Re: Co-ordination protocol and BPEL from Assaf Arkin on 2003-05-22 (public-ws-chor@w3.org from May 2003)

From: Assaf Arkin <arkin@intalio.com>
Date: Wed, 21 May 2003 21:58:55 -0700
To: Ricky Ho <riho@cisco.com>
CC: public-ws-chor@w3.org
Message-ID: <3ECC590F.60506@intalio.com>
Ricky Ho wrote:

>
> There are a couple of issues ....
>
> Lets say in the following process
>
> <process>
>   <sequence>
>     ....
>     <receive/>
>     ....
>     <reply/>
>     ....
>     <receive/>
>     ....
>     <reply/>
>     ....
>   </sequence>
> </process>
>
> 1) Lets say the first <receive> pass in a transaction context.  What 
> is the "scope of work" ?  Between the first request and first reply ?  
> or everything after the first receive ?

That depends on how you define the importing of the context.

If you define the scope as the entire sequence then it will start with 
the first receive but it will end all the work after the last activity 
has occurred (i.e. after the second reply). The sender is not just 
waiting for a reply, the sender is also waiting to later on either 
receive a completed, exited, or failed message indicating that all 
further work done after the reply has completed/failed.

If the scope is for a single activity than only that activity is 
performed, but again after the reply is sent you still need to send 
completed/exited/failed which you could potentially piggyback on the 
reply message (though not allowed in WS-TX currently).


> 2) Lets say after receiving the first <reply>, the caller want to 
> commit the transaction.  What scope of work has been committed ?  Does 
> the caller wait for this whole process to be completed before the 
> caller's transaction can commit successfully ?

If we are talking BA then there are two modes: either you tell the 
process when all work has been completed so it can wrap up things on its 
side and send a completed/exited message, or you wait for it to tell you 
when it completes and then wait for all others to tell you they 
completed. In case of aborting, you would just tell working scopes to 
cancel and completed scopes to compensate.

The important thing here is that you should say what you mean and mean 
what you say. If what you meant is that no work could be completed 
unless you received two requests, then that's what should happen. If 
someone tries to commit before you completed all the work you consider 
this to be an inconsistent state and vote to rollback.
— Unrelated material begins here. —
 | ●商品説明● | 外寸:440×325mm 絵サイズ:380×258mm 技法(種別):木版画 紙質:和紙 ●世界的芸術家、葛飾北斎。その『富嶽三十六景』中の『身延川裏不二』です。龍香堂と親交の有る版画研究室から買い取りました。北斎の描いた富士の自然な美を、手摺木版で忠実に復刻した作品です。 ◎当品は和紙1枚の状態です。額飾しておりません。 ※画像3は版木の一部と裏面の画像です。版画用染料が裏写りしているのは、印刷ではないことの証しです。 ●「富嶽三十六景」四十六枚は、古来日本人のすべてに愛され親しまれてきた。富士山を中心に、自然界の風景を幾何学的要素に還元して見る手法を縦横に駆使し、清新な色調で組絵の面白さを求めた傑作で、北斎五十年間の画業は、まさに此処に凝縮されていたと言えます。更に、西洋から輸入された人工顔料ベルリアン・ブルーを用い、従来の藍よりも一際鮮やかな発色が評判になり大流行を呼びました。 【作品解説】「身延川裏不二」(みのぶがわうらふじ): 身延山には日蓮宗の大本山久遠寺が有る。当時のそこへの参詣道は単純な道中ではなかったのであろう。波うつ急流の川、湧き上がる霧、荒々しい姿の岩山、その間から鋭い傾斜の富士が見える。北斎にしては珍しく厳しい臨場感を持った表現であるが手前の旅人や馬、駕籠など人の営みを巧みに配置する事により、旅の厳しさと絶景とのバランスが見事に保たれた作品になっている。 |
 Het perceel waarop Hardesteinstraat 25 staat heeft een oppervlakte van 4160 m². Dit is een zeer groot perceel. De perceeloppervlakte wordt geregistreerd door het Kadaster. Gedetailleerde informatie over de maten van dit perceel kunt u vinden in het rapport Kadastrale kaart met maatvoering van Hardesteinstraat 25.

This means that 
you will never do part of the work - either all or nothing.

If what you meant is that only some work needs to be done and the rest 
is optional, you should write it as such, perhaps by using an event handler.


> 3) If instead the caller want to cancel the transaction.  How does the 
> process cancel its work ?  Where is the compensation handler defined ?
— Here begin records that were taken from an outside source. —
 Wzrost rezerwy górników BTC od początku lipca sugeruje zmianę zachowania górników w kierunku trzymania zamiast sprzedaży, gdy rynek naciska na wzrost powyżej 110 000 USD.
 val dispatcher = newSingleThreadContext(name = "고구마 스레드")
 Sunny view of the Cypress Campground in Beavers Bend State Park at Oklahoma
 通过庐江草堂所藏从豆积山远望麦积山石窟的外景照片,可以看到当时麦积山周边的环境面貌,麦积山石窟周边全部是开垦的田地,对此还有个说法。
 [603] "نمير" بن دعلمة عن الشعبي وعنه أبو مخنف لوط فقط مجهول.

Since you haven't yet completed the sequence you can't compensate for 
it. Instead you get a terminate fault and handle it. However, since you 
already did some activities you may have nested scopes with their own 
compensation handlers which you would invoke from the event handler of 
the sequence.


> 4) What if the second <receive> pass in a different context ?  (the 
> only way to prevent this happening is to use the context itself as the 
> correlation set)

Good question.

In EJB if you have a session bean and you call it twice in two different 
transactions then the access would be serialized or you would get an 
error. I don't exactly remember which case is true, but you won't get 
two invocations from two transactions for the same bean if one 
transaction has not completed yet.

So I would tend to believe that the rule should be that all incoming 
messages should either be part of the same scope, part of a child scope 
(if that activity is defined as part of a child scope), or not 
associated with any scope. But it can't be part of a different scope 
unless it observes a parent-child relationship.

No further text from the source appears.